- What you should do
Everything from the line that holds "С искренней заботой" through the end of the listing below must be retyped word for word, without any pictures.

- Entries provided
>>>>>
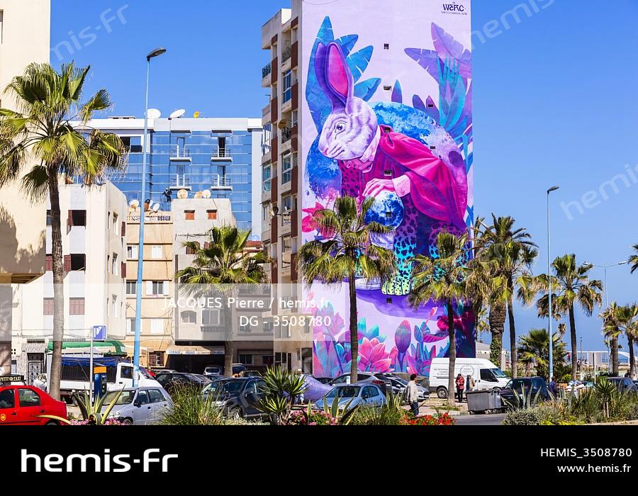 Morocco, Casablanca, mural boulevard Mohammed Zerktouni
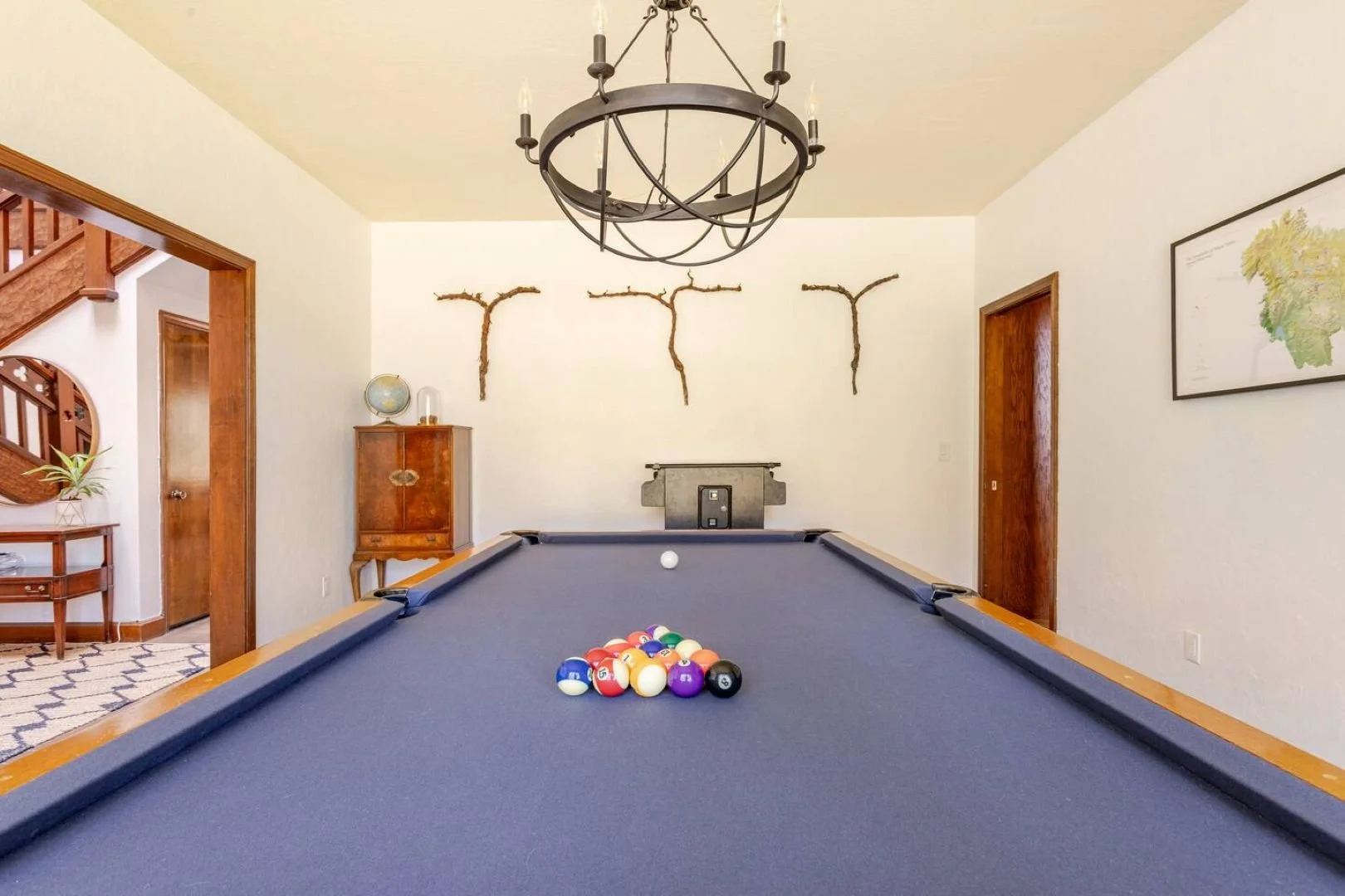 The secluded luxury estate home features 35-foot open beam ceilings, custom hand carved staircase, game room with pool table & arcade, home theater, chef grade kitchen, gym and deck with outdoor dining area.
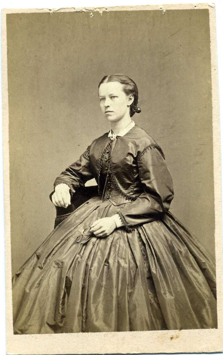 Porträtt av en ung kvinna i vid klänning som sitter på en stol. Hon håller ett par glasögon i vänster hand.
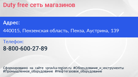 Duty free, сеть магазинов по адресу 440015, Пензенская область, Пенза, Аустрина, 139 в дальнейшем Организация, размещена в следующих категориях:
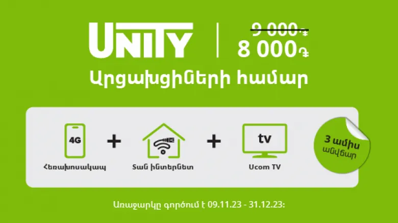 С искренней заботой и твердой приверженностью принципам социальной ответственности компания Ucom представила новое предложение для наших соотечественников, вынужденно переселенных из Арцаха. Абоненты, до 31-го декабря подключившие региональный тарифный план Unity 9000, предлагающий самый быстрый домашний интернет, смогут пользоваться услугой бесплатно в течение 3 месяцев, после чего стоимость услуг для них составит 8000 драм вместо 9000 драм. Тарифная линейка Unity – одно из самых выгодных предложений компании Ucom, включающее одновременно услуги мобильной связи, фиксированного интернета, пакет 210+ телеканалов и позволяющее пользоваться лучшими устройствами, обеспечивающими комфортную и стабильную повседневную связь.
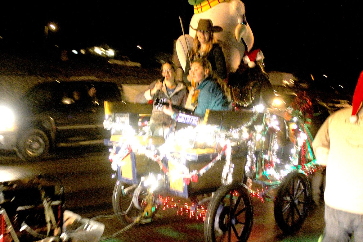 Teens play the guitar and violin as they sing Christmas carols during their float ride through Thompson Falls.
<<<<<
- Result of this exercise
 С искренней заботой и твердой приверженностью принципам социальной ответственности компания Ucom представила новое предложение для наших соотечественников, вынужденно переселенных из Арцаха. Абоненты, до 31-го декабря подключившие региональный тарифный план Unity 9000, предлагающий самый быстрый домашний интернет, смогут пользоваться услугой бесплатно в течение 3 месяцев, после чего стоимость услуг для них составит 8000 драм вместо 9000 драм. Тарифная линейка Unity – одно из самых выгодных предложений компании Ucom, включающее одновременно услуги мобильной связи, фиксированного интернета, пакет 210+ телеканалов и позволяющее пользоваться лучшими устройствами, обеспечивающими комфортную и стабильную повседневную связь.
 Teens play the guitar and violin as they sing Christmas carols during their float ride through Thompson Falls.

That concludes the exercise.